According to an article on USA Today, radical environmentalism is on its way out. It also seems to paint those who are radical environmentalists as misguided, unstable and violent – basically ecoterrorists – is this deserved?

What is ecoterrorism?

According to the FBI, ecoterrorism is “the use or threatened use of violence of a criminal nature against innocent victims or property by an environmentally-oriented, subnational group for environmental-political reasons, or aimed at an audience beyond the target, often of a symbolic nature”

Hmmm… the “innocent” bit. Is a company that pollutes the environment or kills people through poisonous products innocent? And what constitutes violence? Let’s put those issues to one side though; although they are major points of contention in the definition.

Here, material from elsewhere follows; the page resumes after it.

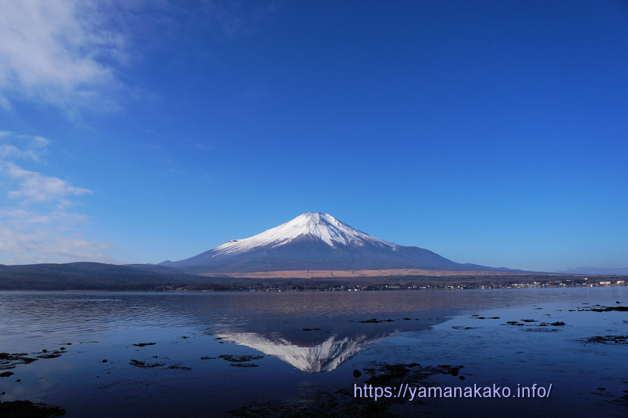 25年09~12月 逆さ富士 2025年12月19日 山中湖人 コメントする 湖畔の逆さ富士湖畔の浅瀬になっているところでは、波が少なく、その近くにある石や藻などが気にならなければ、逆さ富士が見られる場所があります。そんな場所を探して見るのもいいかもしれません。 今朝の最低気温は-5.1度で昨日より低く、10時現在の気温も昨日よリ2度近く低くなっています。昨日の最高気温は8.2度と、一昨日までよりは上がり、今日も同じぐらいまでは上がる予報となっています。 明日明後日の週末は曇りや雨の天気で、気温は高めの予報となっていますが、さてどうでしょう。 午前10時の状況 気温:4度 天候:晴れ 道路状況:山中湖周辺道路に凍結はありません Tweet Check Share on Tumblr

What is radical environmentalism?

Many associate this term with ecoterrorism. The essay “Religion, Violence, and Radical Environmentalism” by Bron Taylor of the University of Wisconsin defines radical environmentalism “as a new religious movement that views environmental degradation as an assault on a sacred, natural world.” In his essay, he concludes: “Upon examining the record and characteristics of radical environmental groups, I here conclude that claims that these are violence-prone subcultures are inaccurate.”

Wikipedia includes bioregionalists, ecopsychologists and Wiccans as radical environmentalists. I’ve known a few of these people and they are far from what I’d call ecoterrorists or domestic terrorists.

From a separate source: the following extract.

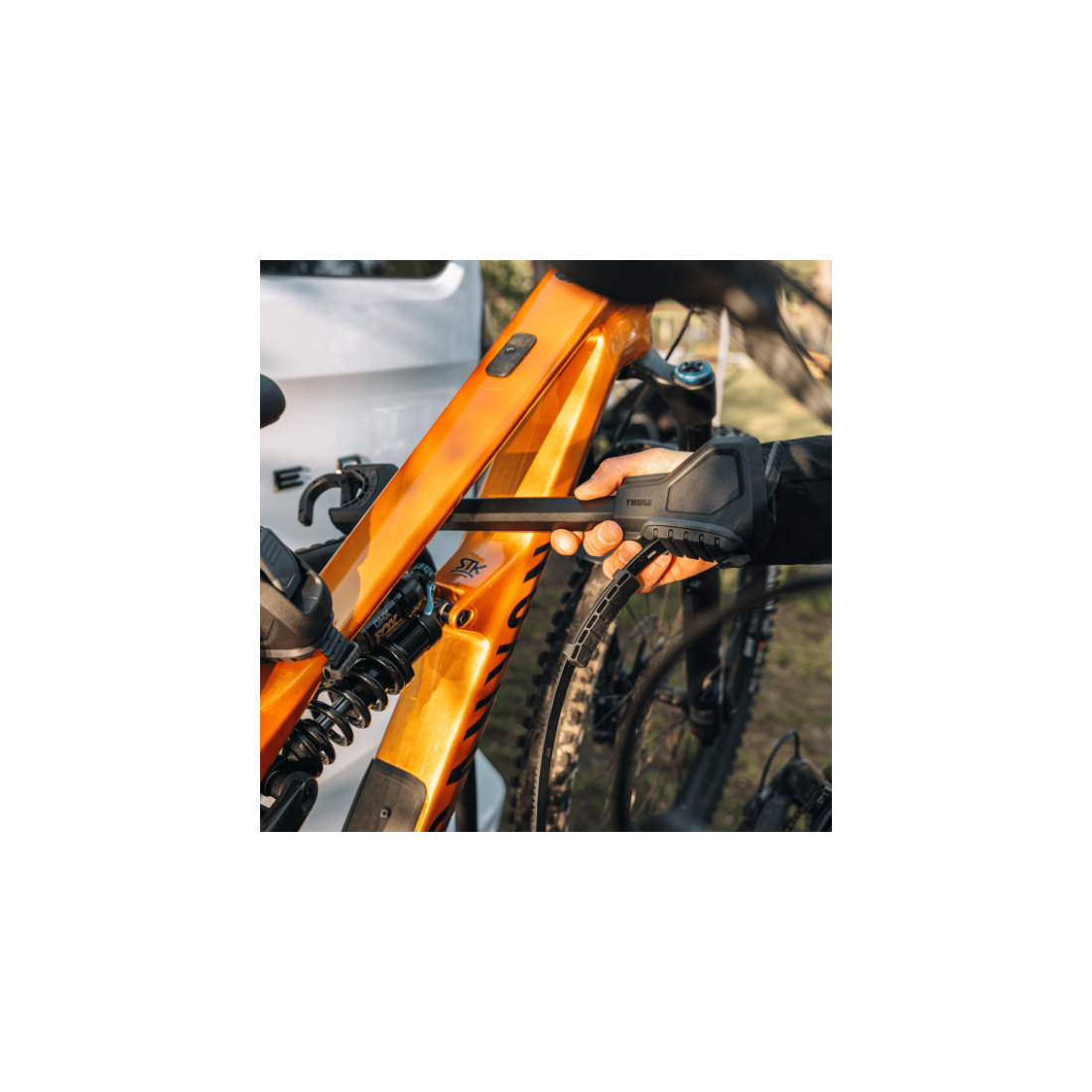 O suporte Thule VeloSpace 3 suporta bicicletas até 30 kg e distâncias entre eixos até 1350 mm, incluindo modelos elétricos e de montanha. A sua plataforma robusta mantém uma separação de 25 cm entre cada bicicleta, reduzindo ao mínimo o risco de contacto ou danos durante o transporte.

A bioregionalist is someone who simply seeks to understand their local ecology, resists a highly consumptive lifestyle and tries to live in a sustainable way by eating local foods and using locally, sustainably made products.

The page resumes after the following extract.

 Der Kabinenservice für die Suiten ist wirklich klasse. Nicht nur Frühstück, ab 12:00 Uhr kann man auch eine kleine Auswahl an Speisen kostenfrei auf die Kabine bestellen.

Ecopsychology involves the principles of people not only being influenced by social and human-constructed surroundings, but also the wider natural world.

A Wiccan is a practioner of Wicca, a nature-based religion with a pagan/magical element. It’s my understanding that Wicca does not promote violence.

There’s a big difference between ecoterrorism and radical environmentalism in my mind; particularly in a post 9/11 era where the term “terrorist” stirs up images of physical violence directed towards people and slaughter for many.

Ecoterrorists may evolve out of radical environmentalism, but violence evolves out of Catholicsm, the NRA, the Spongebob Squarepants club and all sorts of other religions and organizations where there is fervency about ideals and causes. That doesn’t make all the members hell-bent on violence. The two terms should be kept quite separate.

In my opinion, radical environmentalism is certainly not dead either – in fact, it’s gaining traction. One of the first major radical environmentalist groups was Greenpeace; and they seem to be going strong. Perhaps our definition of radical in relation to the environment is finally changing.

What’s your view on “ecoterrorism” in regards to the FBI definition of the term – should it apply if the property of a company known to destroy the environment is interfered with; for example – the painting of environmental slogans on coal freighters? Does that make us all fair game to ecoterrorism as we knowingly consume the products we know wreak havoc? Where do you feel the line between passionate activism and ecoterrorism is?